Monday, May 23, 2011

There is no replacement for experience.

I just spent all weekend at a teaching conference. The entire weekend focused on meeting our educational goals and objectives as teachers. How can we best approach facilitate learning? What can we do to enhance our connection with students and their connection with the material?
The same keywords continue to surface: active learning, group collaboration, kinesthetic learning, repetition, seeing different perspectives of the same thing, interactive learning, and using multiple modalities.
This morning, while looking for other information on pedagogy, I encountered yet another website that proposes that online (simulated) dissection is better than the real deal (sponsored by, who else, PETA).
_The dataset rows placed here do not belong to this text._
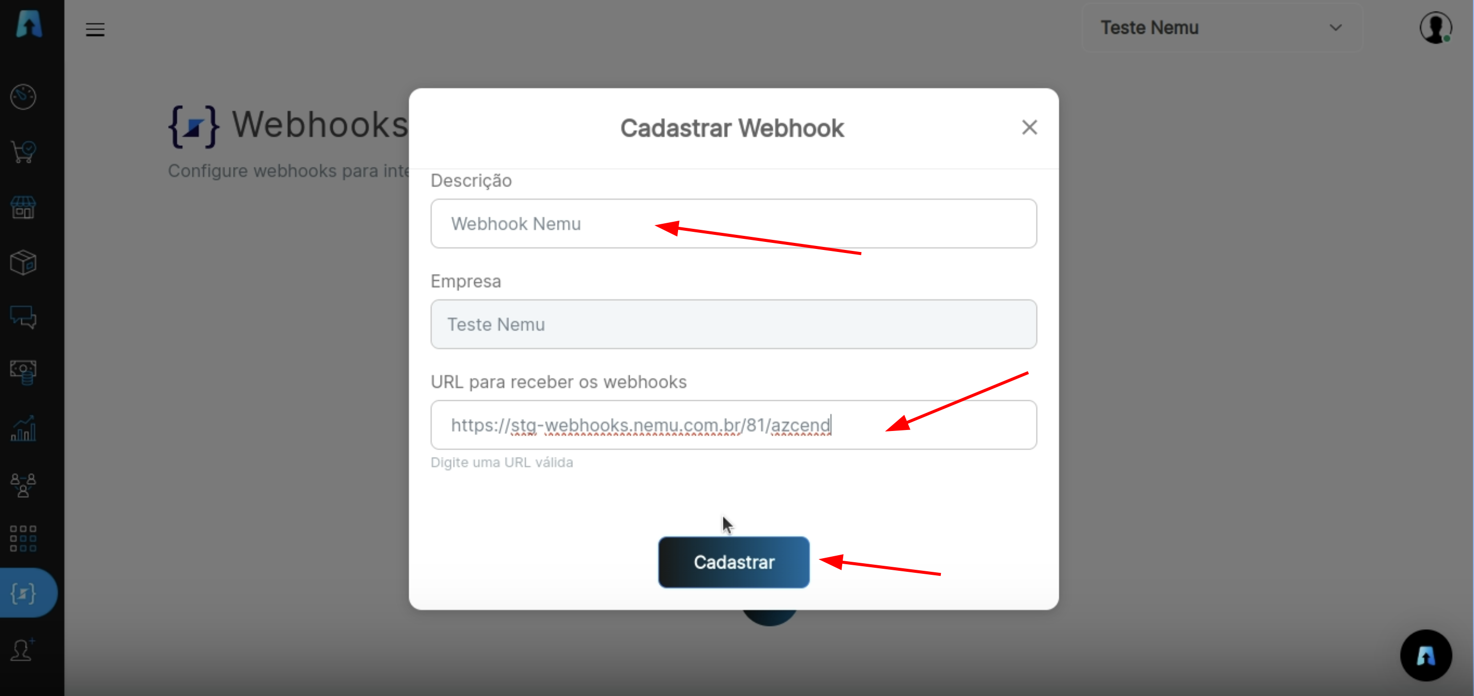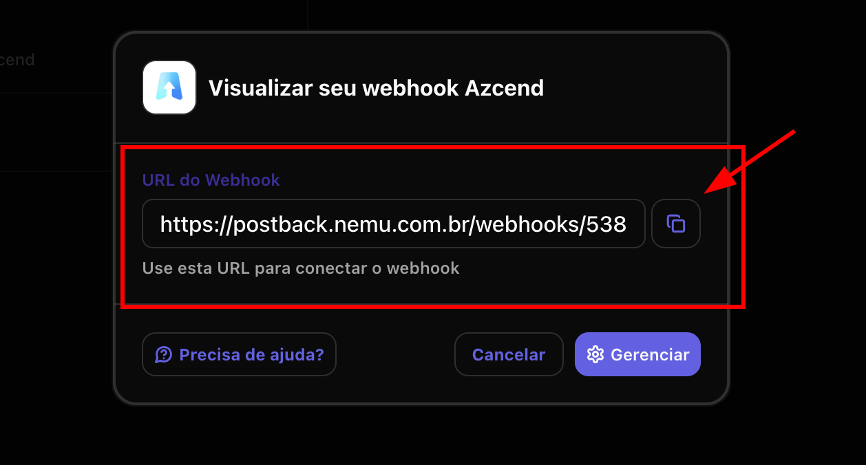 - Clique no botão para copiar a URL do webhook gerada pela Nemu.
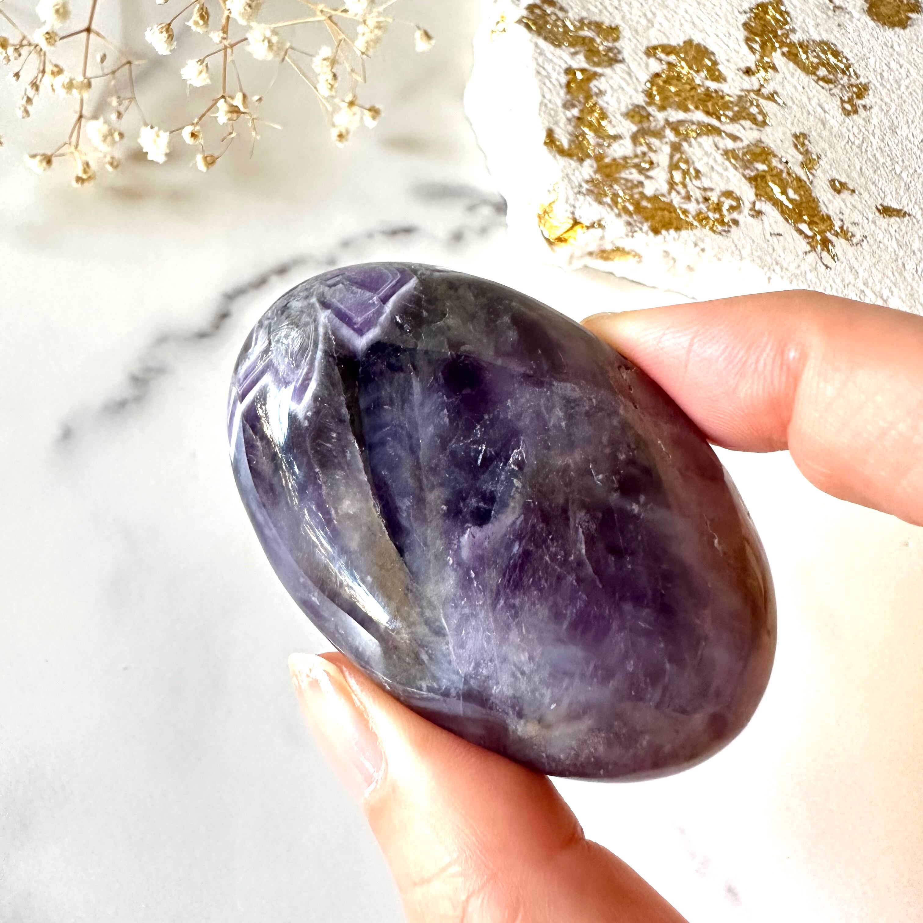 握りやすい大きさでひんやりと触り心地のいいパームストーンです。握り石としてはもちろん、インテリアとして飾っていただくのにもいいサイズ感です。磨き上げられた表面には艶があり、アメジストの深い紫色と羽のような模様がとても美しいアイテムです。
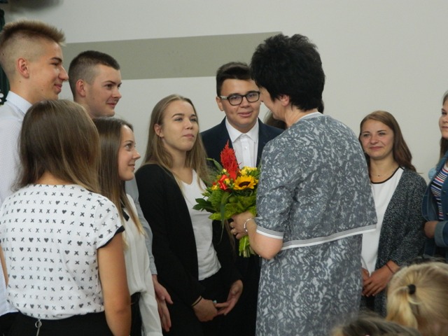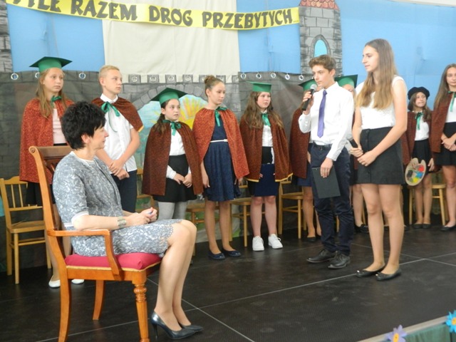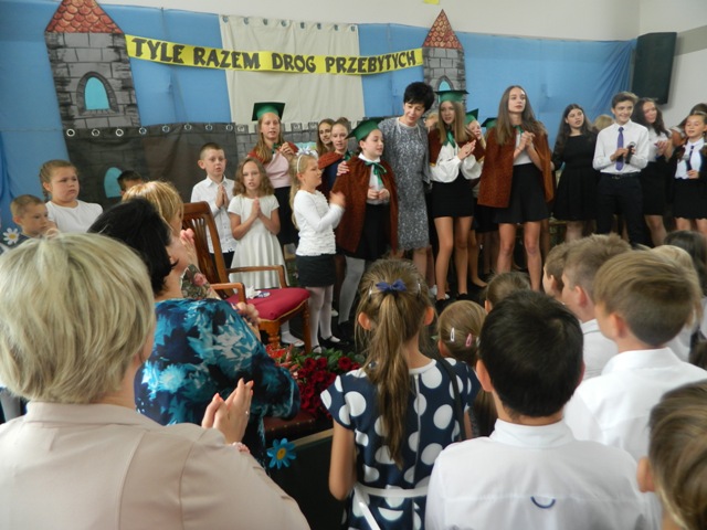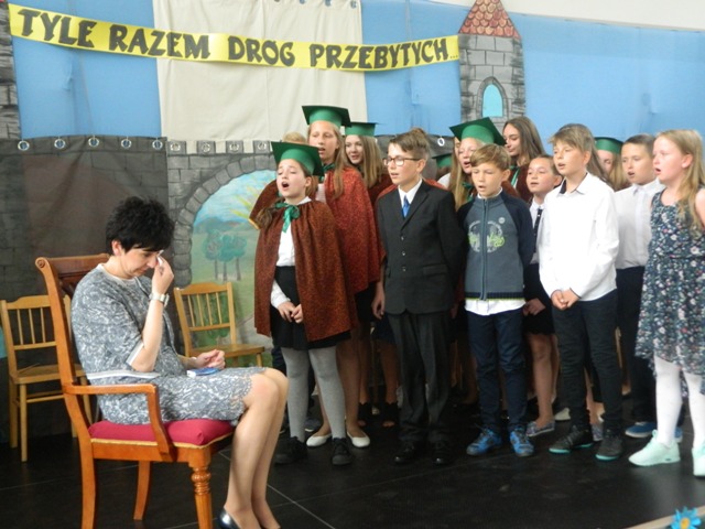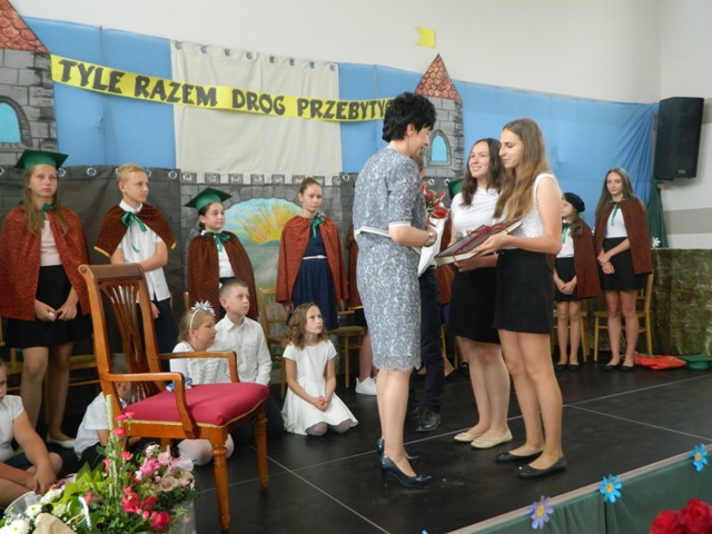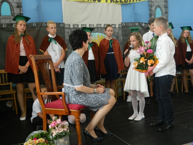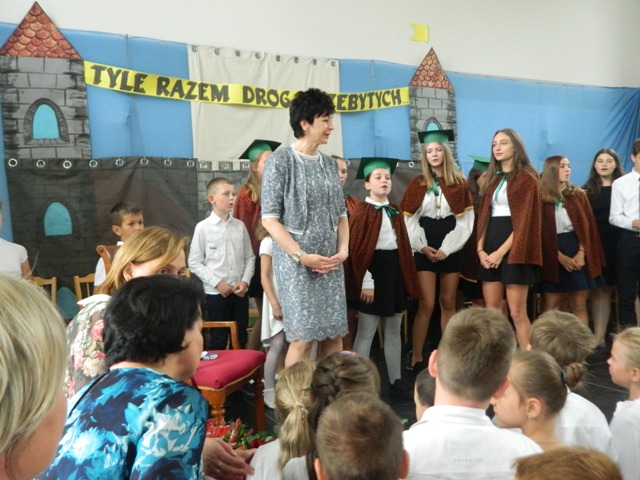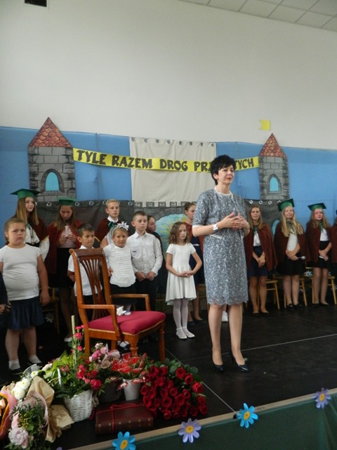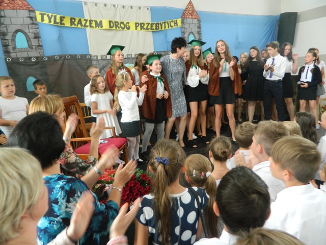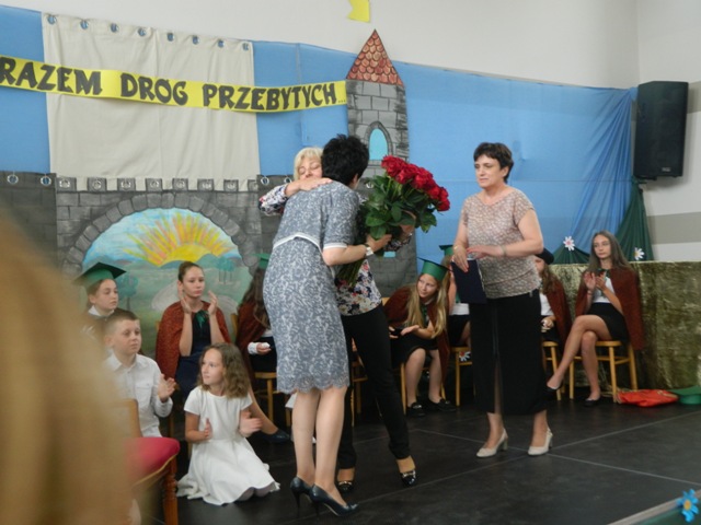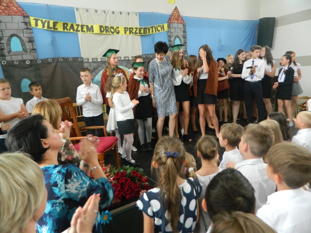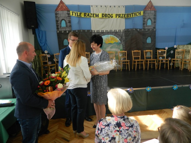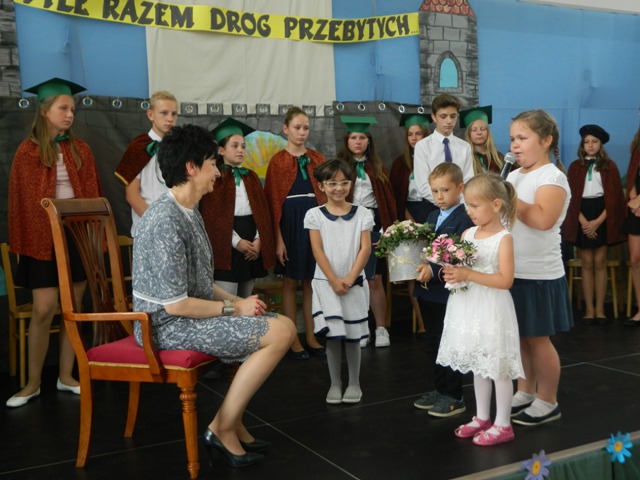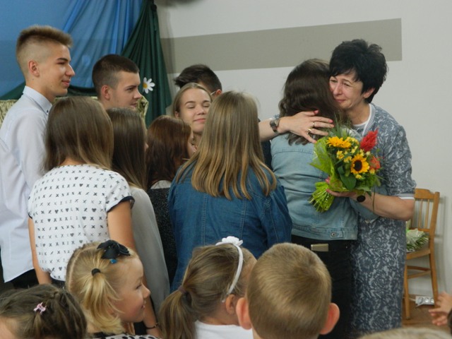 Zakończenie roku szkolnego to zawsze miłe wydarzenie - wreszcie upragnione wakacje! Jednak to zakończenie było wyjątkowe, gdyż radość mieszała się ze smutkiem, uśmiechy ze łzami. A dlaczego? Nasza droga Pani Dyrektor odchodzi na zasłużoną emeryturę. Pani Dyrektor! Współpraca i nauka z Panią była dla nas zaszczytem i wyróżnieniem. Dziękujemy za wszystkie wspaniałe lata Pani pracy- jako nauczyciela i dyrektora- bo zapisała Pani w historii naszej szkoły i przedszkola wartościowe karty. W dniu przejścia na emeryturę życzymy Pani, aby zrealizowała Pani wszystkie swoje marzenia, a przyszłość, która jest przed Panią przyniosła same słoneczne dni, uśmiech, radość, bo przecież „Ważne są dni, których jeszcze nie znamy.” Prosimy pamiętać, że nasz Zespół zawsze powita Panią z ogromną radością. Jeszcze raz z całego serca dziękujemy.
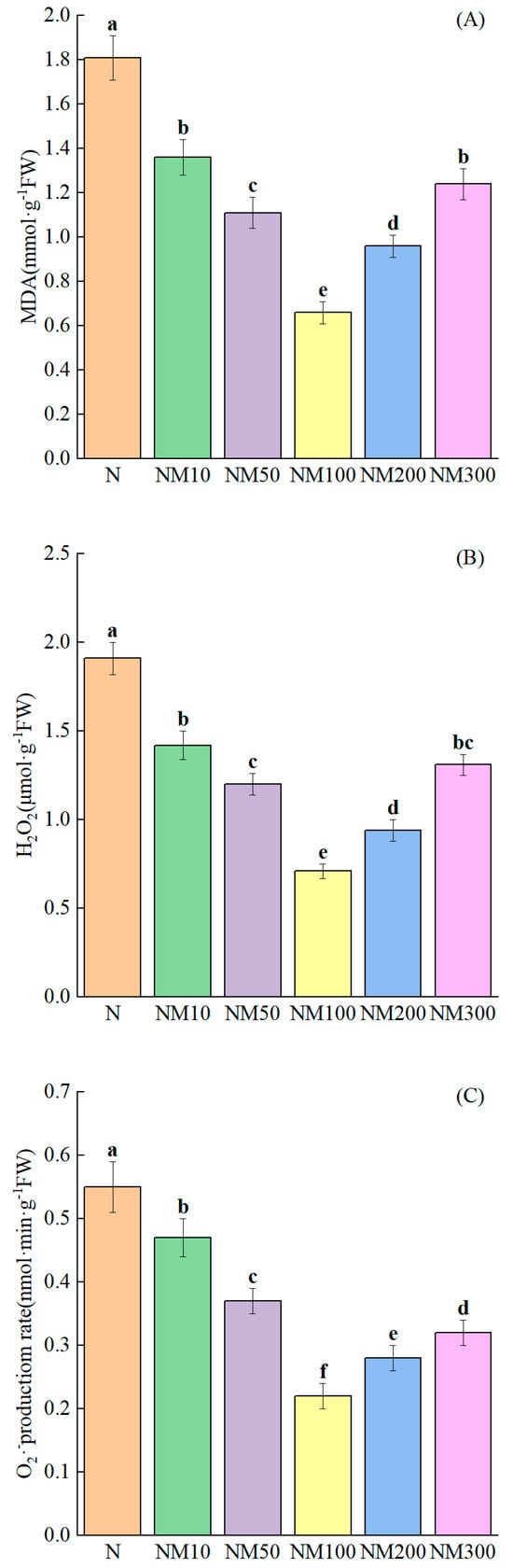 Effect of Exogenous melatonin (MT) on cell membrane damage of Maize Seedlings under NaCl stress. The error lines in the figure represent the standard deviation (SD) based on three replicates (n = 3). Different letters indicate the significant difference among different treatments at the significant level of p < 0.05, as determined by one-way ANOVA. (A) MDA: malondialdehyde; (B) H2O2: hydrogen peroxide; (C) O2−: the rate of superoxide anion production; N: NaCl; NM10: 150 mmol NaCl + 10 µM MT; NM50: 150 mmol NaCl + 50 µM MT; NM100: 150 mmol NaCl + 100 µM MT; NM200: 150 mmol NaCl + 200 µM MT; NM300: 150 mmol NaCl + 300 µM MT.
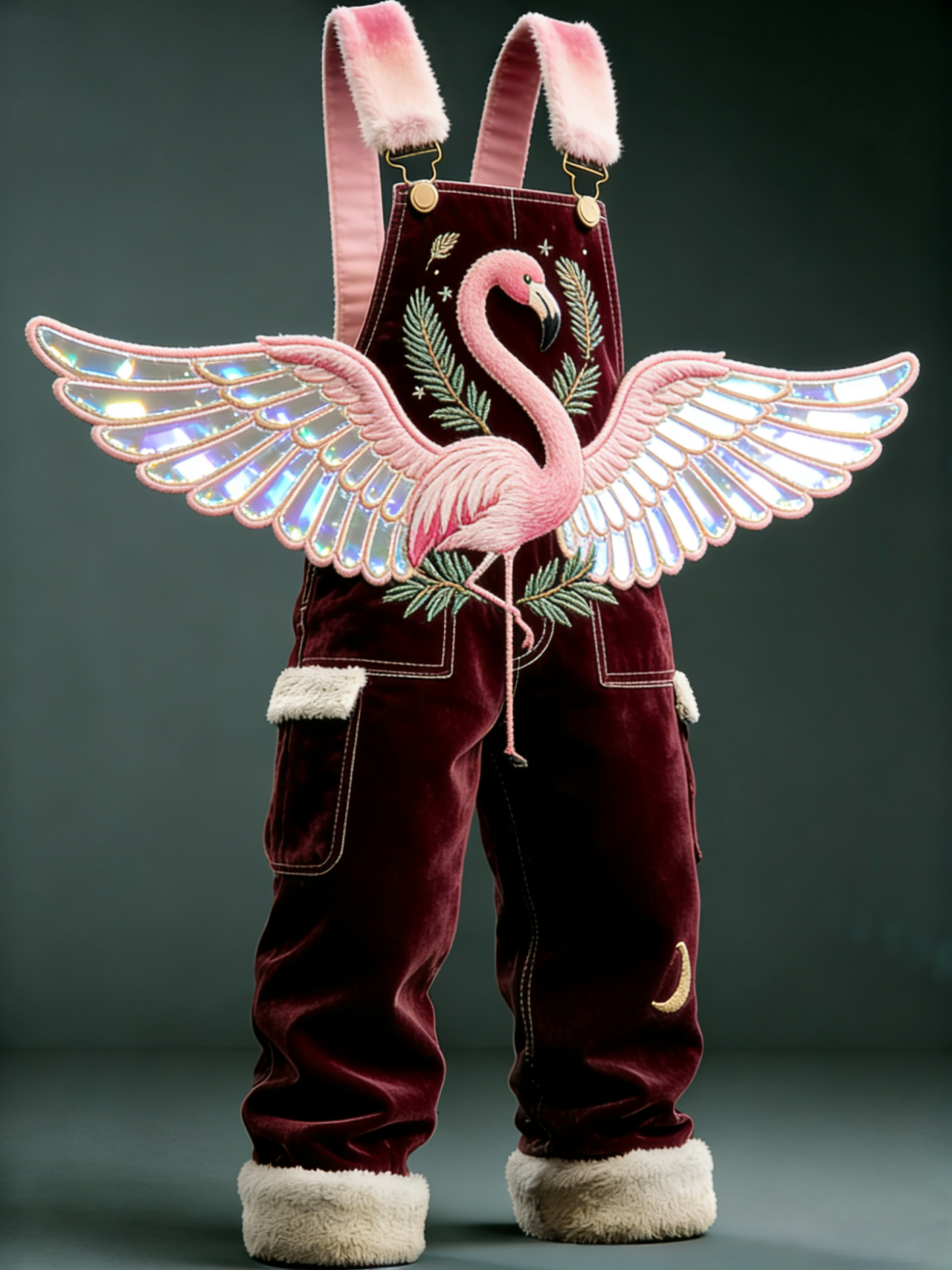 Men'S Flamingo Embroidered Rainbow Wings Plush Shoulder Strap Moon Decoration Dreamy Design Wine Red Velvet Shoulder Strap Pants
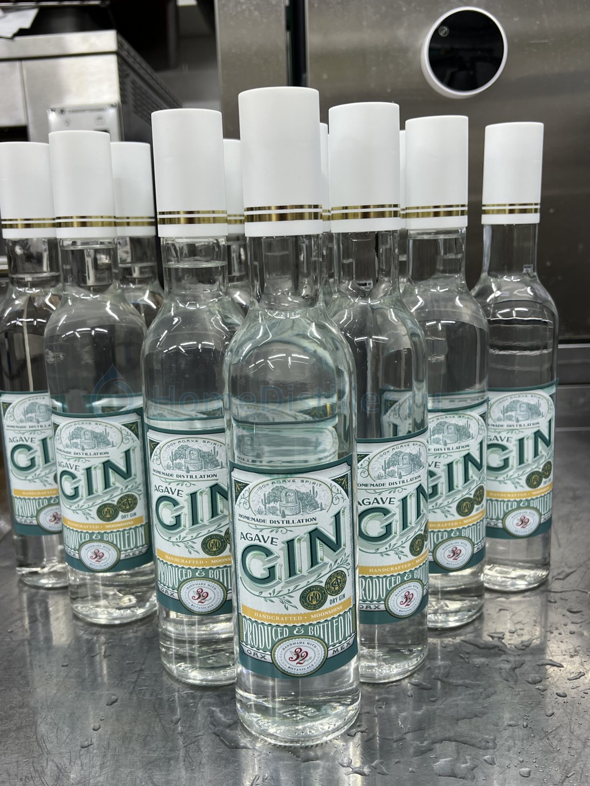 Разлил сегодня джин в водочную бутылку с колпачком дозатором. Смотрится по моему не плохо. Водочная бутылка и красивая и не дорогая.крепость джина 40 град. Джин После вакуумного погона не мутнеет, если правильно отобрать головы и отсечь вовремя хвосты. Этикетка, бутылка и колпачок с Озона.

They provide no evidence to support this contention. I would freely support these amazing virtual experiences as support for the real thing. But, the virtual experience does not replace the real thing. Two-dimensions cannot convey the same information as three. Online, you can't see texture. Online, you can't move things aside, examine connections, feel internal structures, or change your angle.  The online versions don't show individual variation. In a lab, students can wander around and see differences between individuals corresponding to sex, size, age, and just individual quirks.  All of the aspects that the virtual experience misses are informative to understanding morphology, function, development, and cementing the names of the structures in your memory.
Real dissections are multi-modal, active learning, collaborative, student-directed, kinesthetic, three-dimensional, active, and more real, applied, and relevant.
If something is worth doing - it is worth doing right.
That said, I have offered students with objections the opportunity to use virtual dissection as an alternative. I am ok with someone that has real objections not compromising their beliefs. I can say from my teaching experience, assessment, and student performance that this tool is not as effective by itself as the real deal. This has to be a choice students make.
Like all tools, we need to use dissection wisely and where we will get the most learning opportunies. When I teach about a forest - I go outside rather than watch a movie about one. From a teaching and learning perspective, this is the same thing.

Thursday, May 19, 2011

Losing ourselves in connectivity

I am on a kick now, reading books about nature. Specifically, I have been reading books about man's connection to nature.
We spend so much of our time talking about connections. Connections via phone, email, facebook, skype, and other electronic forms. Connecting to distant other beings that we can communicate with remotely - in our own time, responding at our leisure, and being friends at a distance. We talk about our connections to electricity, electronic media, newspapers, radio, television, and the internet.
We need to spend more time on connections. But not the ones I've already mentioned. We need to spend more time connecting with people we care about. These connections have to occur with the phone turned off, the email disconnected, and not whilst multi-tasking. The people we care for deserve to have some of our real time - without distraction. I spend much of my time carrying people here and there, fixing dinner while helping with homework, working while chatting, eating while perusing facebook, and folding clothes while nagging the kids to put their shoes away. The people we care for (spouses, children, friends, as well as co-workers, students, and acquaintances) deserve to have us really listen when they speak.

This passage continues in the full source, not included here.